[External] : Re: MemorySegment.ofAddress(...).reinterpret(...)

Thu Jul 6 18:31:29 UTC 2023

I took a look at the generated assembly [1] for the payload method in:

     static final int ELEM_SIZE = 10;
     static final int CARRIER_SIZE = (int)JAVA_INT.byteSize();
     static final int BYTE_SIZE = ELEM_SIZE * CARRIER_SIZE;
     static final MemorySegment ALL = 
MemorySegment.NULL.reinterpret(Long.MAX_VALUE);

     public static void main(String[] args) {
         int[] ints = new int[ELEM_SIZE];
         long unsafe_addr = Arena.ofAuto().allocate(BYTE_SIZE).address();
         for (int i = 0; i < ints.length ; i++) {
             ints[i] = i;
         }

         State state = new State(ints, unsafe_addr);
         for (int i = 0; i < 20_000; i++) {
             payload(state);
         }
     }

     record State(int[] ints, long unsafe_addr) {}

     public static void payload(State state) {
         MemorySegment.copy(state.ints(), 0, ALL, JAVA_INT, 
state.unsafe_addr(), ELEM_SIZE);
     }

There are three checks we do to ensure safety:
1. a bounds check, which checks if the accessed address range is in bounds
2. an alignment check to see that the base address is aligned according 
to the alignment of JAVA_INT
3. a liveness check to see that the segment being accessed is still alive

#2 can be removed on your end by using the JAVA_INT_UNALIGNED layout 
instead. #3 shouldn't really be happening, since the scope of the ALL 
segment is the global scope, which is always alive.

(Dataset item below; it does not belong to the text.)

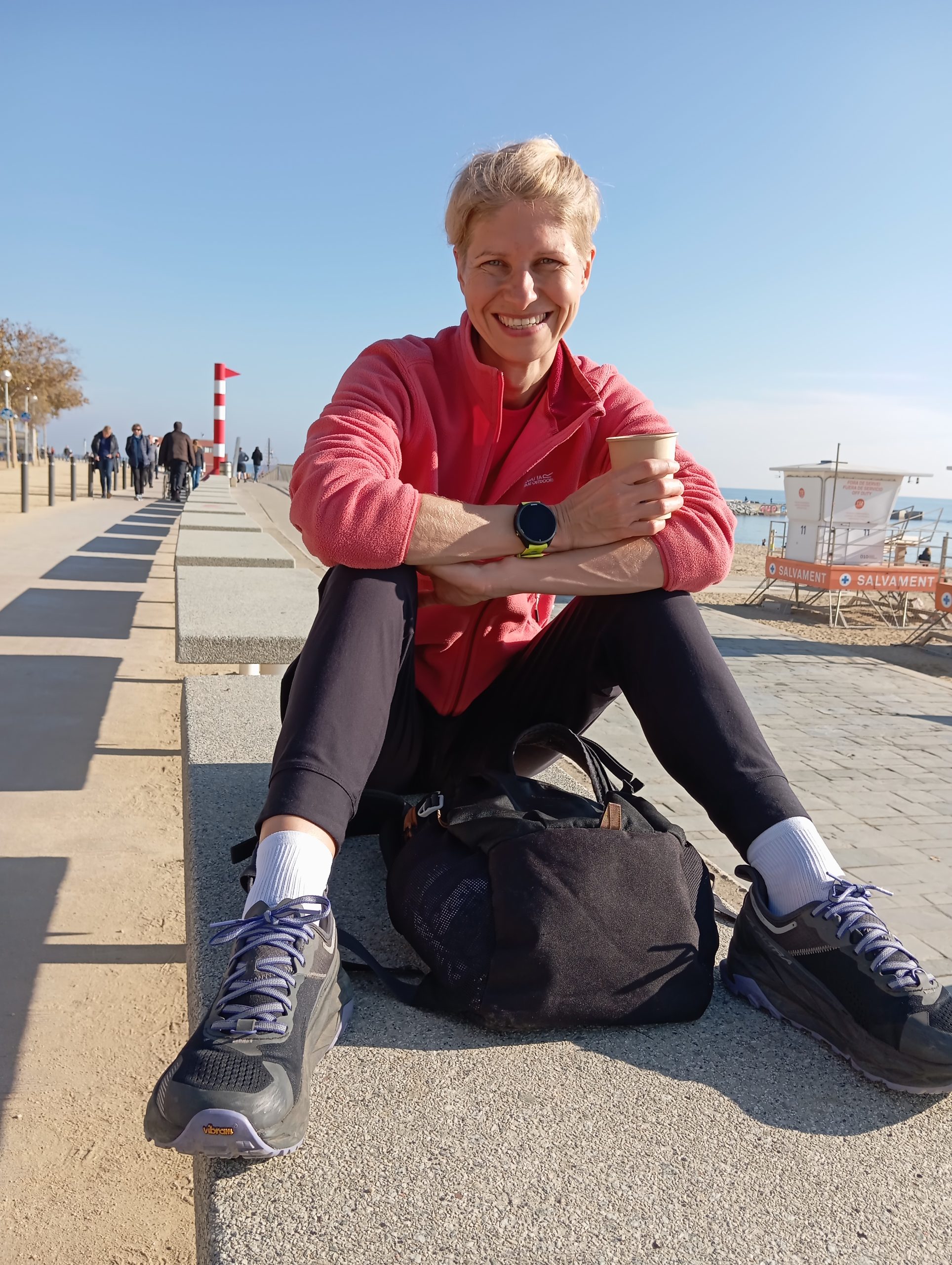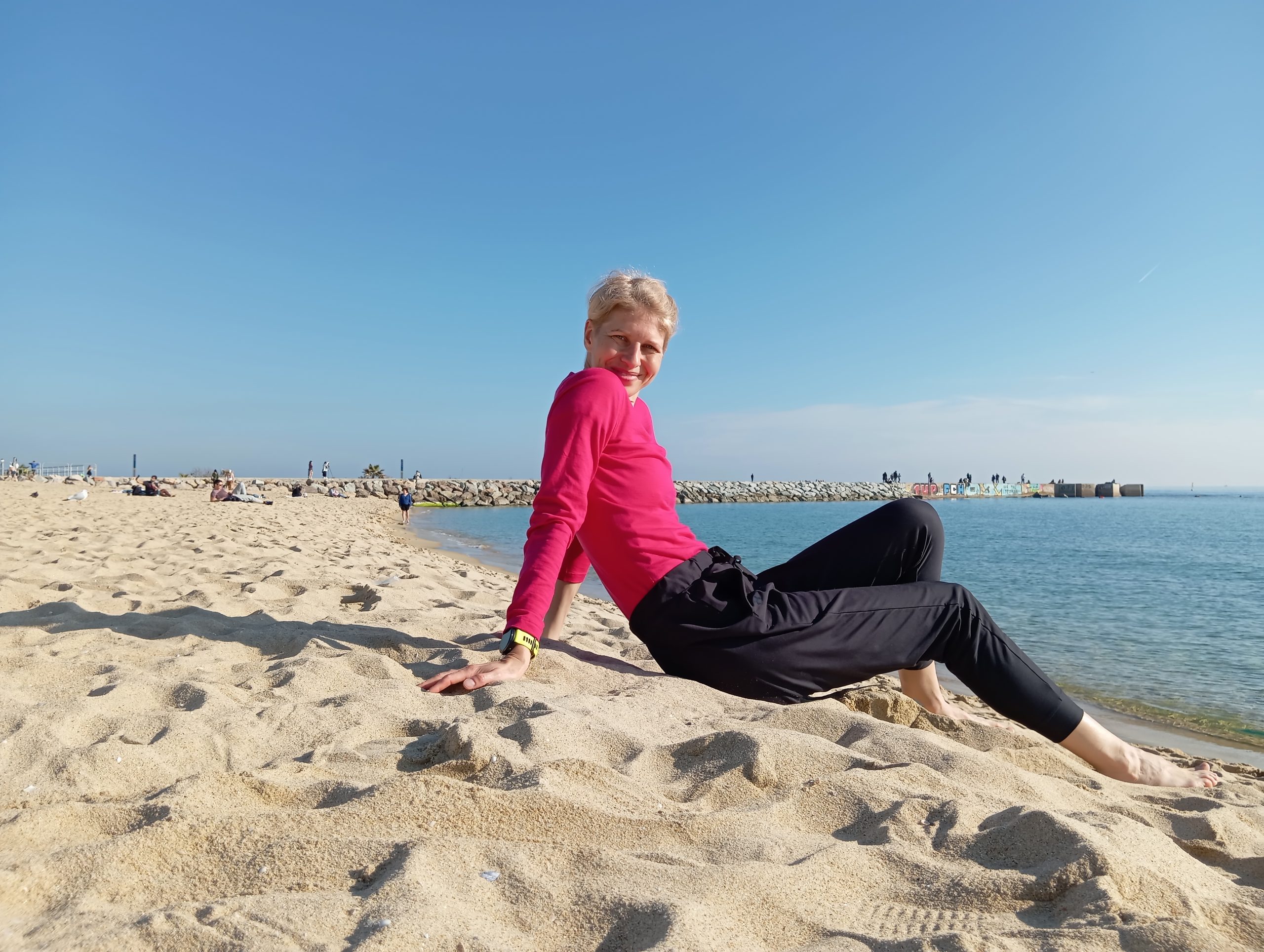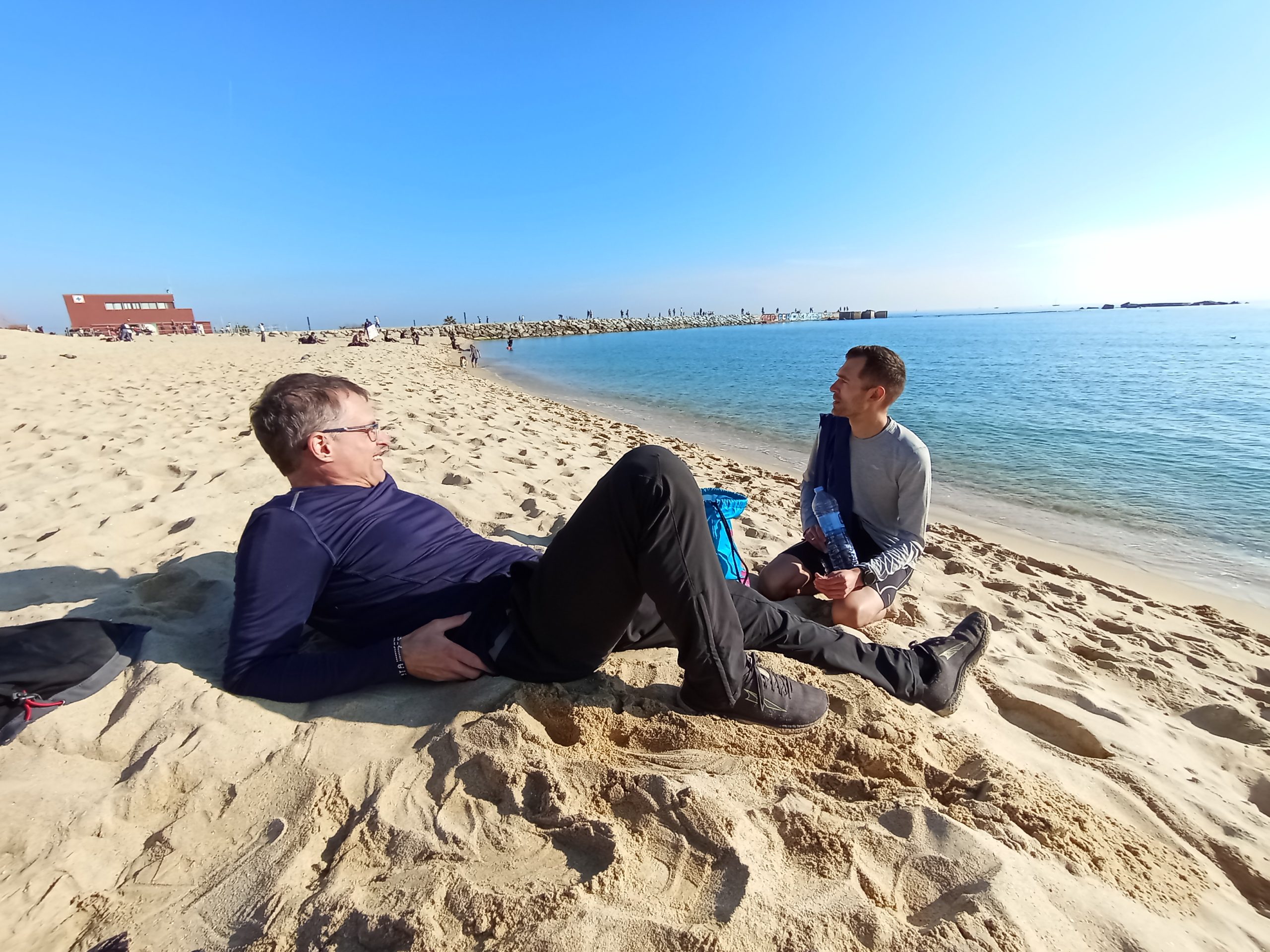 Z punktu startu był rzut kamieniem do morza. Sebastian poszedł na swój rozruch, a my z Jackiem usiedliśmy na słonecznej promenadzie. Dziś pogoda była piękna, łapaliśmy słońce. Na plaży ludzie grali w siatkówkę plażową, biegali po promenadzie, jeździli na rowerach i rolkach, ćwiczyli jogę. Mam wrażenie, że tu wszyscy się ruszają. Ale taka pogoda na pewno temu sprzyja. Jak jest tak słonecznie i ciepło, to się po prostu bardziej chce żyć. Seba skończył w międzyczasie swój trening, potem razem jeszcze posiedzieliśmy chwilę na plaży. Woda w morzu zimną, ale kilka osób się kąpało, ja tylko zamoczyłam stopy. Na poprzednim wyjeździe było tak aktywnie, że przez tydzień nie znalazłam na to czasu 😂

I have a fix that 
overrides the liveness check method in the GlobalSession class to do 
nothing [2]. On my machine, addressing those 2 brings the performance of 
the Panama-based copy very close to that of Unsafe (within 0.2 ns):

Benchmark Mode  Cnt  Score   Error  Units
MemorySegmentCopy.segment_copy_static_small  avgt   30  7.741 ± 0.017  ns/op
MemorySegmentCopy.unsafe_copy_small          avgt   30  7.534 ± 0.011  ns/op

Also, keep in mind that I'm just copying 10 elements here, for larger 
copies the overhead would be smaller.

#1 could technically also be removed by exposing a special memory 
segment implementation that doesn't do any bounds checking. I'm not sure 
we want to go there though, given the API surface/complexity we'd 
introduce, for a very marginal gain. At least I'd like to discuss that 
with Maurizio first (who's currently on vacation).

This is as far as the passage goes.